Back to the Future

© Whiteville News Reporter
images from the Pulitzer Prize-winning
articles on the KKK

Inspired by what he had heard at the workshop, High and his sister in early June 2014 met in the News Reporter’s small, windowless conference room that doubled as the library, or “morgue,” to decide jointly on a path forward. They were surrounded by bound, yellowed copies of the paper that dated back more than a century, including the Pulitzer-Prize-winning articles on the KKK published by their grandfather in the early 1950s. Their goal: map out a strategy for the coming year.

L. High had earlier rejected as premature some of the recommendations from the UNC team for cutting costs and increasing revenue by 30 percent over a five-year period. But now he was ready to reconsider.

Shed legacy printing and distribution costs. Both the News Reporter’s offset press, purchased in 1974, and its production employees were aging. Recently, one of the pressmen, age 64, had collapsed at work and had to be rushed to the hospital. The person in charge of the mailroom was 70. Jim High had resisted outsourcing print and distribution because it meant laying off lifelong employees. However, the current production operation was barely breaking even. If a major press component broke (requiring a “six-figure repair”), or if the paper lost just one outside printing contract, L. High calculated that the paper would have to outsource printing immediately. Since 2009, most newspapers in eastern North Carolina had outsourced printing to one of two regional newspapers (50-150 miles away) that had state-of-the-art presses working 24/7. Perhaps the paper could improve profits if it did the same. “Should we wait for the emergency or bite the bullet now?” asks High.
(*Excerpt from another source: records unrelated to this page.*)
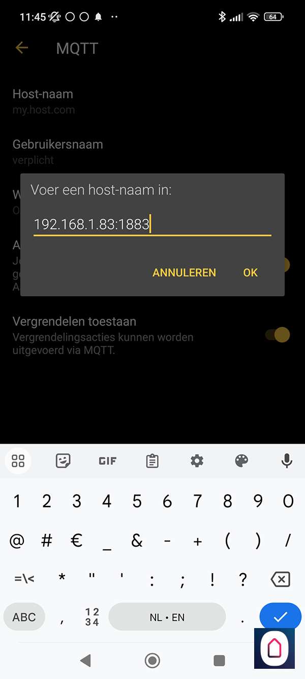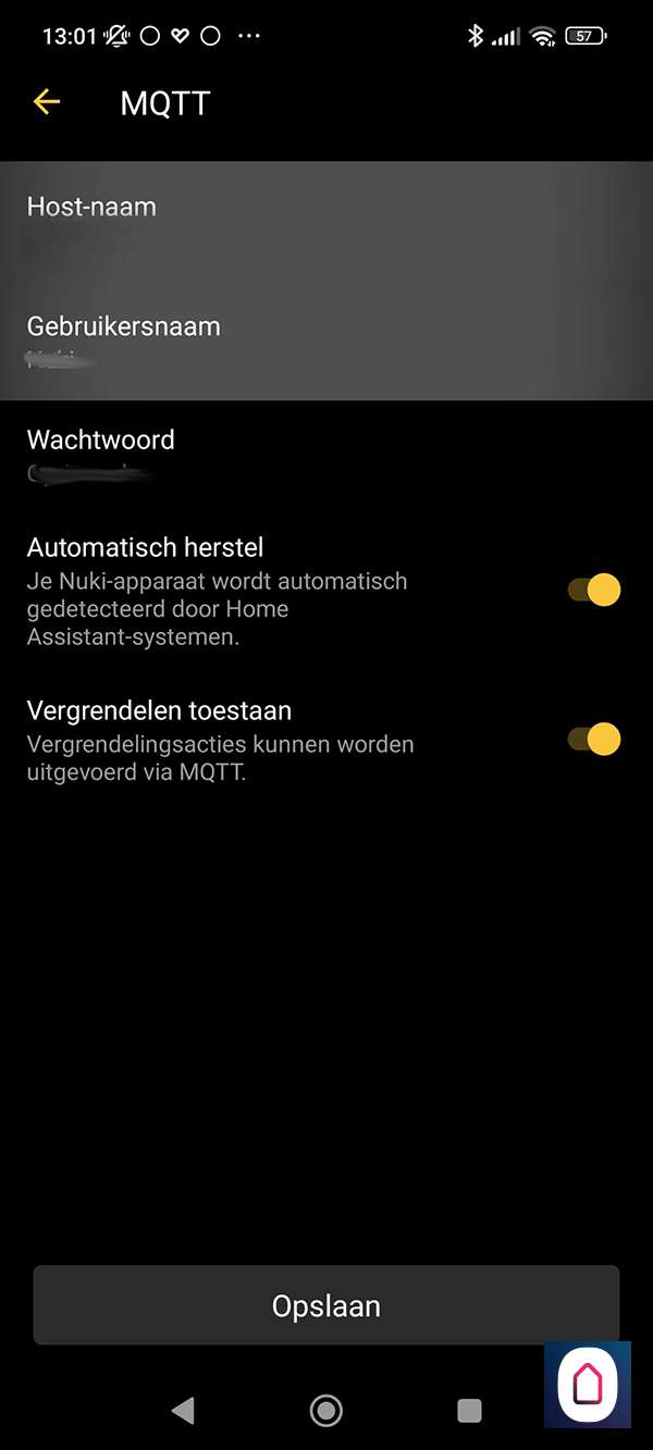 Nu gaan we naar de Nuki APP en naar functies en config van het slot en zoeken daar MQTT op en voeren het ip-adres van Home Assistant in, de gebruikersnaam en wachtwoord.
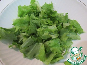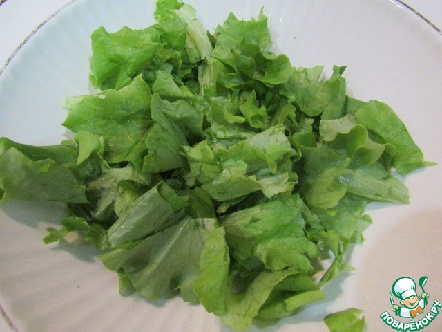 Салатные листья крупно рвем. |
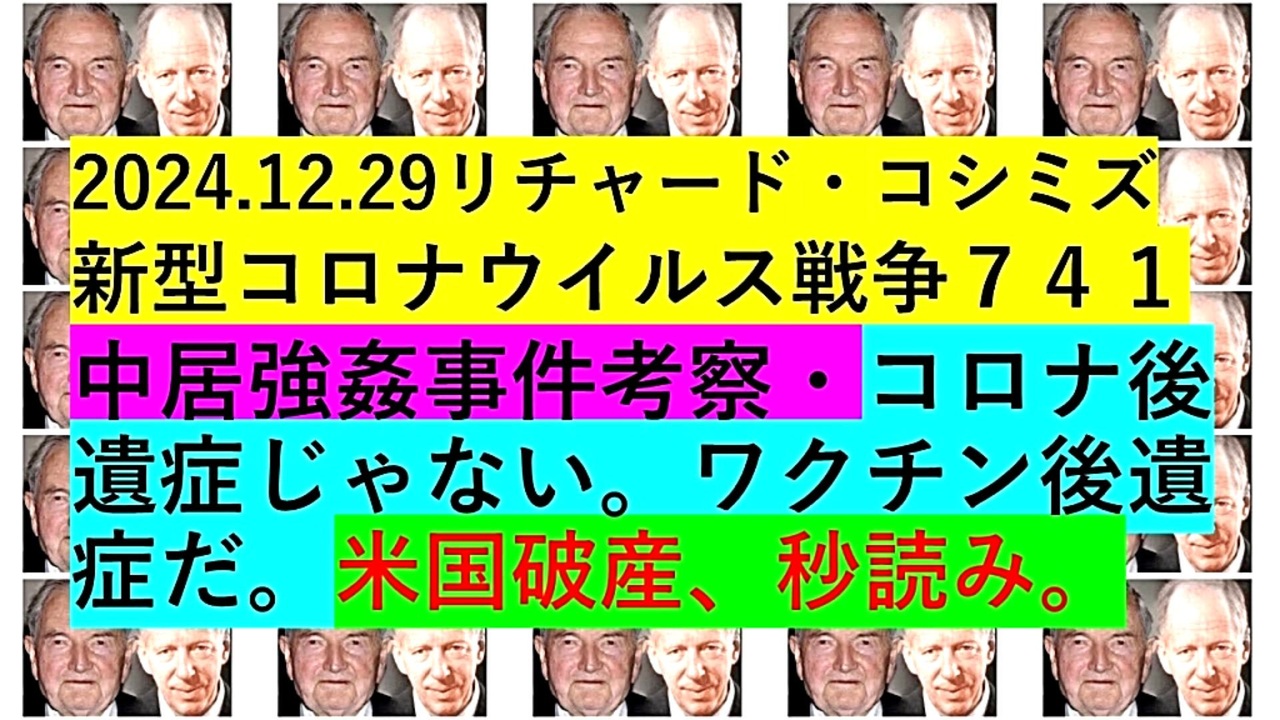 <span style="color: #cc0000;"><strong>◐【 テーマ : 新型コロナウイルス戦争⦅ 741 ⦆⦅ 暫定版 ⦆】</strong></span><br><br> <span style="color: #ff0000;"><strong>「『 中居正広 強姦事件考察 』・『 コロナ後遺症じゃない 。 ワクチン後遺症だ 』・『 米国破産、秒読み 』」</strong></span><br><br> <span style="color: #38761d;"><strong>◐ 『 リチャード・コシミズ・チャンネル⦅ ニコニコ チャンネル ⦆』</strong></span><br> <span style="color: #0000ff;"><strong><a href="https://ch.nicovideo.jp/richardkoshimizu" target="_blank" rel="noopener nofollow">https://ch.nicovideo.jp/richardkoshimizu</a></strong></span><br><br> <span style="color: #38761d;"><strong>◐ 『 リチャード・コシミズ「 ニコニコ生放送⦅ LIVE ⦆」』</strong></span><br> <span style="color: #0000ff;"><strong><a href="https://www.nicovideo.jp/user/120930363/live_programs" target="_blank" rel="noopener nofollow">https://www.nicovideo.jp/user/120930363/live_programs</a></strong></span><br><br> <span style="color: #38761d;"><strong>◐ 『 リチャード・コシミズ「 Rumble 」公式 動画ギャラリー 』</strong></span><br> <span style="color: #0000ff;"><strong><a href="https://rumble.com/user/richardkoshimizu" target="_blank" rel="noopener nofollow">https://rumble.com/user/richardkoshimizu</a></strong></span><br> <span style="color: #0000ff;"><strong><a href="https://rumble.com/user/RKVideoGallery" target="_blank" rel="noopener nofollow">https://rumble.com/user/RKVideoGallery</a></strong></span><br><br> <span style="color: #38761d;"><strong>◐『「 リチャード・コシミズ 講演会 」公式「 動画ギャラリー 」』</strong></span><br> <span style="color: #0000ff;"><strong><a href="http://www.t-sskk.com/richardkoshimizu/video-gallery/index.html" target="_blank" rel="noopener nofollow">http://www.t-sskk.com/richardkoshimizu/video-gallery/index.html</a></strong></span><br><br>

Create more print and digital publications around special interests, such as parenting. The prototype for the Plugged-In Parenting section was “ready for primetime” but its two biggest proponents had left the paper. Meanwhile, two summer interns—both journalism majors—and his 17-year-old daughter were lobbying Les High to start an online-only section of “news for people who aren’t old.” With S. High, they had produced a prototype dubbed “POP” (Popular Culture, Opinion and People). Several local businesses had expressed interest in sponsoring the online-only section aimed at readers aged 15-25. The Highs debated whether to “go where the staff energy and excitement are” (POP) and attempt to attract a young, wired audience, or follow the strategic plan and produce the print-and-online “Plugged-in Parents” section, which would likely attract a larger, older audience and more advertising revenue. If they opted to go with POP, how could the paper sustain it when the interns returned to school?

Pursue new sources of advertising revenue. “Sports of All Sorts” and 954 had been successful, producing enough revenue to more than offset costs, and repositioning the News Reporter as a multi-platform publication. But the Highs knew that they needed to continue to diversify away from print advertising, which still accounted for the vast majority of revenue. Preliminary research at UNC had concluded that newspapers had the potential to triple digital advertising revenue by establishing in-house advertising agencies that served all of their clients’ marketing needs (digital, print and video).[20]

The siblings had been intrigued by the success of the digital agency established at the much larger Santa Rosa Press Democrat. Could a slimmed-down model work in rural, economically challenged Columbus County? Was this the most efficient use of the three-person News Reporter advertising staff or would it overwhelm them? Was it better to increase digital revenue by launching multiple print and online products, as the Southern Pines Pilot had done? The two Highs realized that these were not “incremental steps” but a strategic reorientation. Were they ready? Could they tackle all three options simultaneously? Could they afford not to?

[20] Research conducted by JoAnn Sciarrino, Knight Chair of Digital Advertising and Marketing, UNC at Chapel Hill, in spring and summer 2014, with anticipated publication in spring 2015.